Would you transcribe the listing that follows word for word, skipping pictures?

[[ DATA EXCERPT open ]]

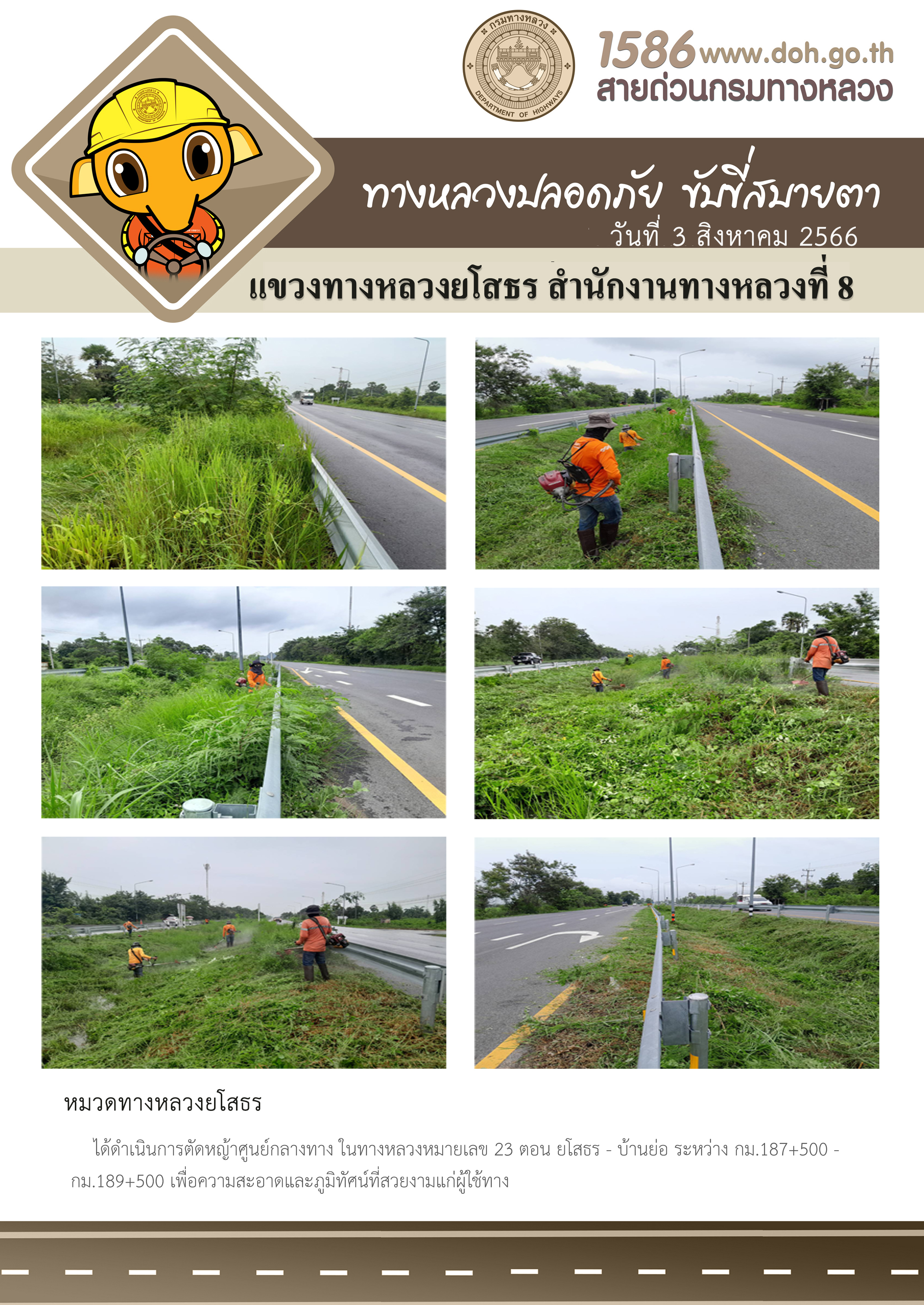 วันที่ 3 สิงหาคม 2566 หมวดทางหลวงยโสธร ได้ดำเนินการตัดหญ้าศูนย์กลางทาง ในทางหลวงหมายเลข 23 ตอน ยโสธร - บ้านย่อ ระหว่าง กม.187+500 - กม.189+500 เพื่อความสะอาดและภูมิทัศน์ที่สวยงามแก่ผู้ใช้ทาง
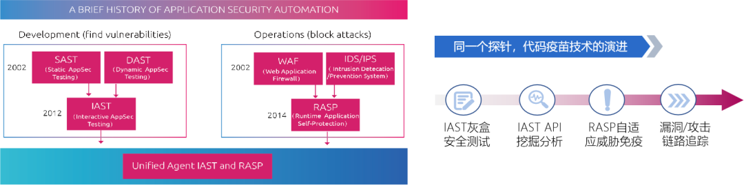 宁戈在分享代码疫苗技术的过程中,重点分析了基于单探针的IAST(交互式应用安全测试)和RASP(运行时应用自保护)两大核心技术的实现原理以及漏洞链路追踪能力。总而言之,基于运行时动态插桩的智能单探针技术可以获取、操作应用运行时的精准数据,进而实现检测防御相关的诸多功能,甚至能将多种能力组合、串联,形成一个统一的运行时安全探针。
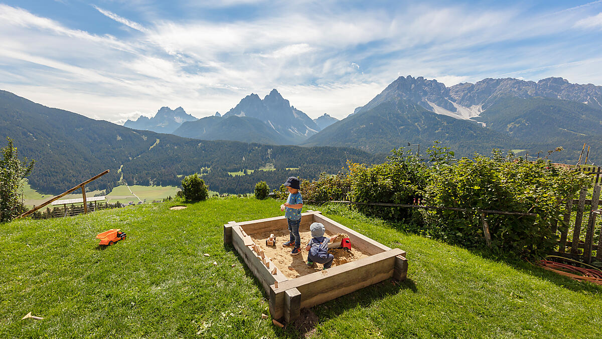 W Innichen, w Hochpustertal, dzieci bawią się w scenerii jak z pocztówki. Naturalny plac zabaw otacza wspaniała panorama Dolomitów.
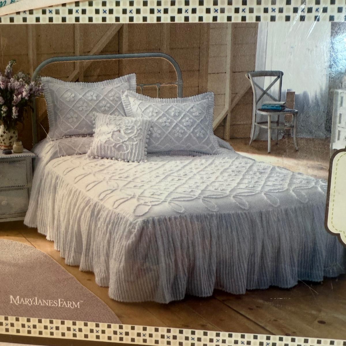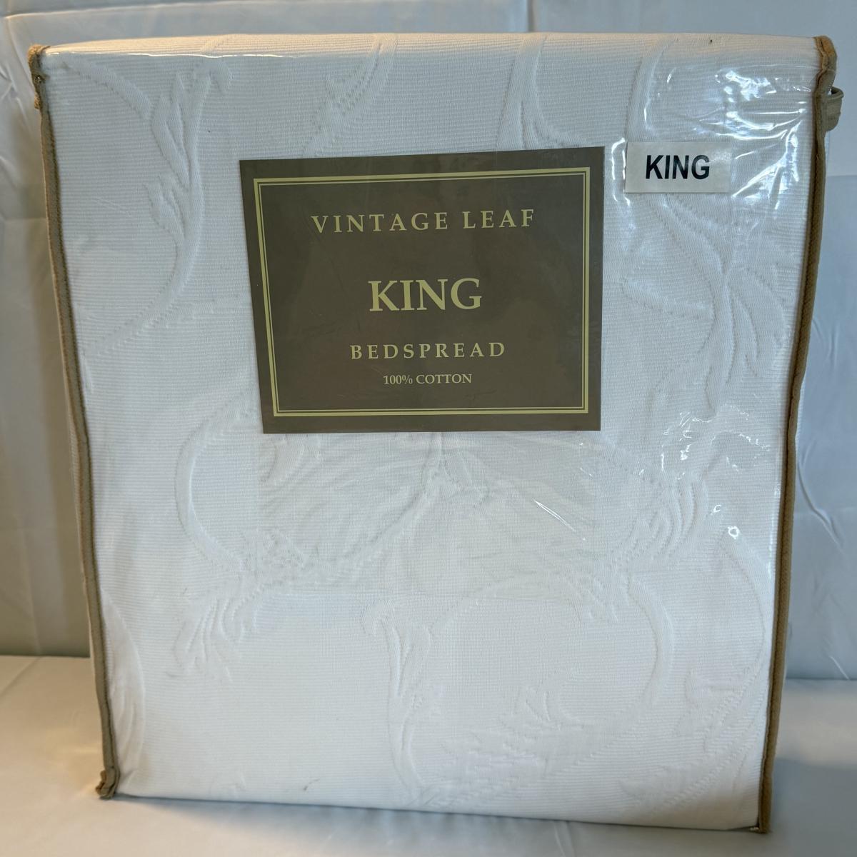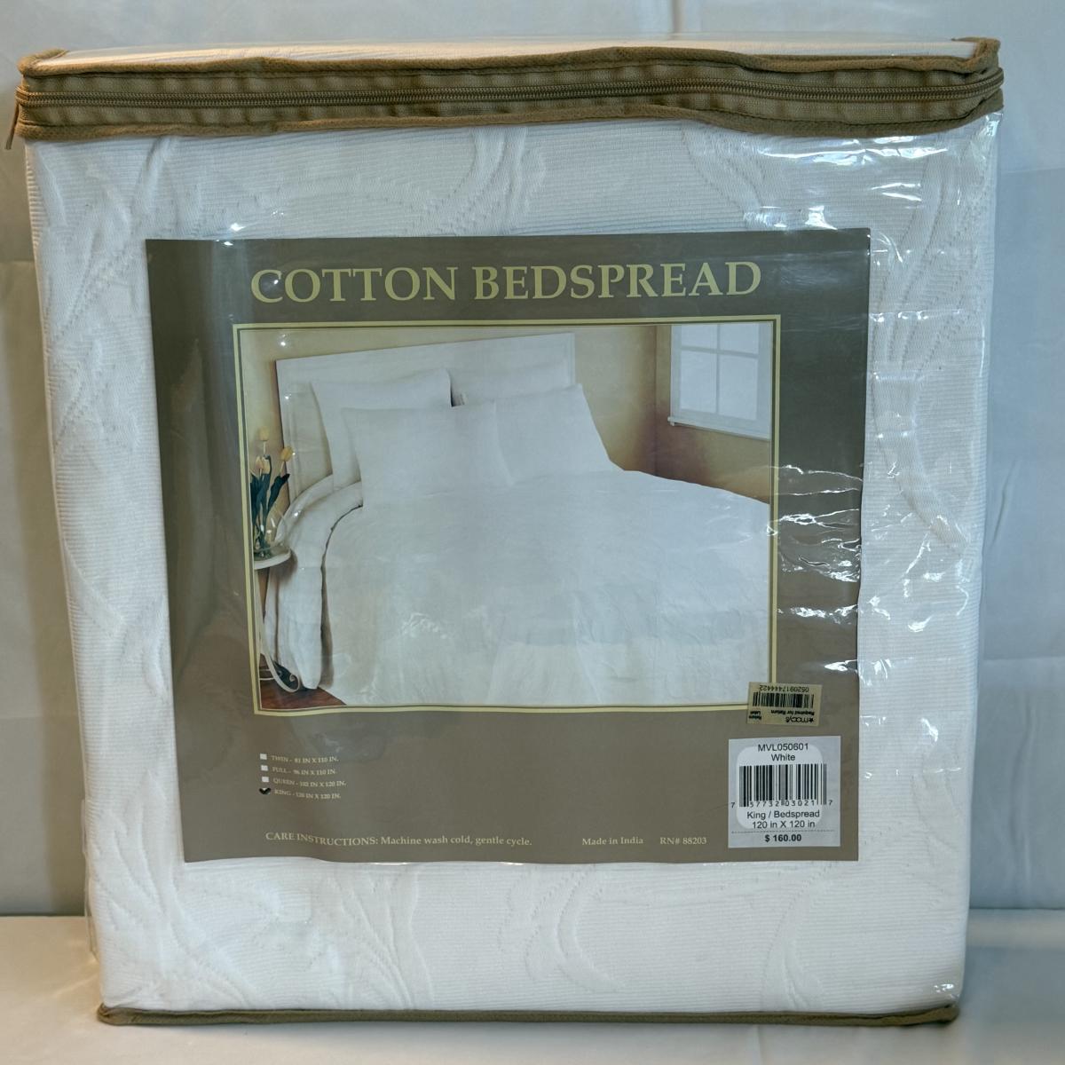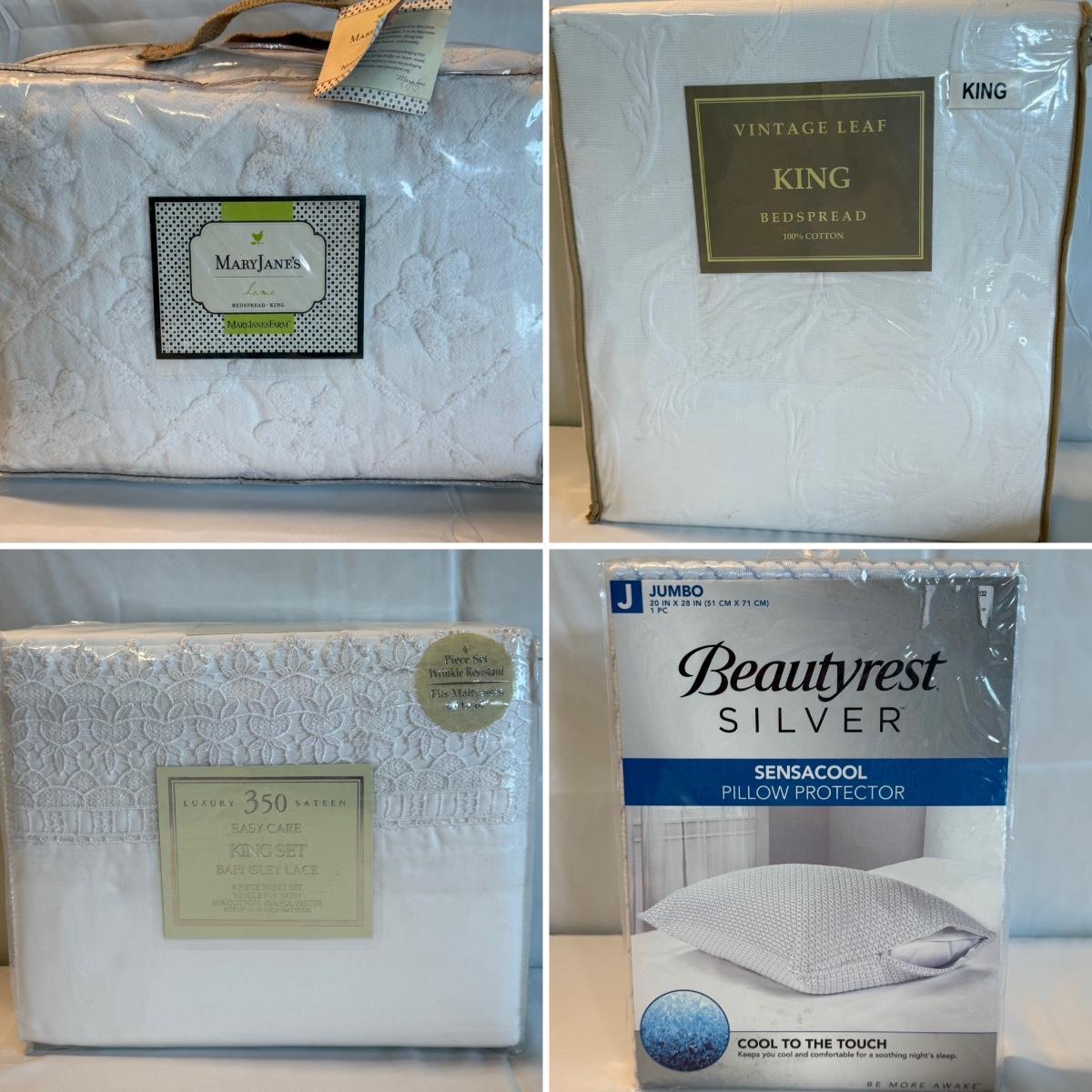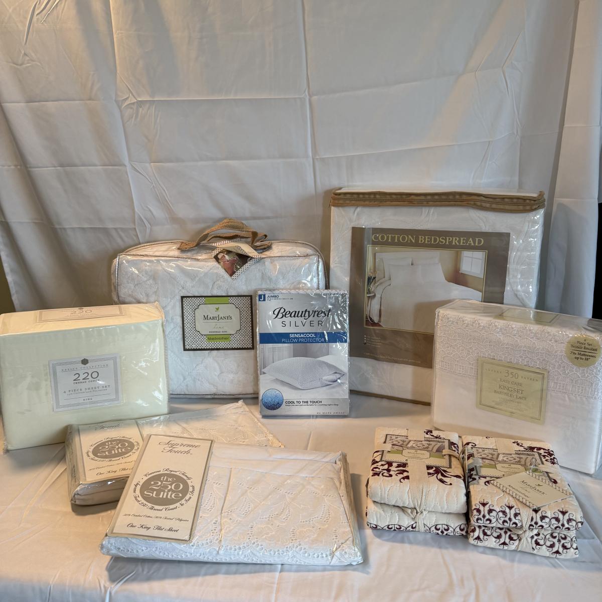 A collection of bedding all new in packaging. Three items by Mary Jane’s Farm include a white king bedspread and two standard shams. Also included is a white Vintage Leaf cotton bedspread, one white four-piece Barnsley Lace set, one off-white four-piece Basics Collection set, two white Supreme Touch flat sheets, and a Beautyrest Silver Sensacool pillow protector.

[[ DATA EXCERPT closed ]]

**RESULT BELOW**.
 วันที่ 3 สิงหาคม 2566 หมวดทางหลวงยโสธร ได้ดำเนินการตัดหญ้าศูนย์กลางทาง ในทางหลวงหมายเลข 23 ตอน ยโสธร - บ้านย่อ ระหว่าง กม.187+500 - กม.189+500 เพื่อความสะอาดและภูมิทัศน์ที่สวยงามแก่ผู้ใช้ทาง
 宁戈在分享代码疫苗技术的过程中,重点分析了基于单探针的IAST(交互式应用安全测试)和RASP(运行时应用自保护)两大核心技术的实现原理以及漏洞链路追踪能力。总而言之,基于运行时动态插桩的智能单探针技术可以获取、操作应用运行时的精准数据,进而实现检测防御相关的诸多功能,甚至能将多种能力组合、串联,形成一个统一的运行时安全探针。
 W Innichen, w Hochpustertal, dzieci bawią się w scenerii jak z pocztówki. Naturalny plac zabaw otacza wspaniała panorama Dolomitów.
 A collection of bedding all new in packaging. Three items by Mary Jane’s Farm include a white king bedspread and two standard shams. Also included is a white Vintage Leaf cotton bedspread, one white four-piece Barnsley Lace set, one off-white four-piece Basics Collection set, two white Supreme Touch flat sheets, and a Beautyrest Silver Sensacool pillow protector.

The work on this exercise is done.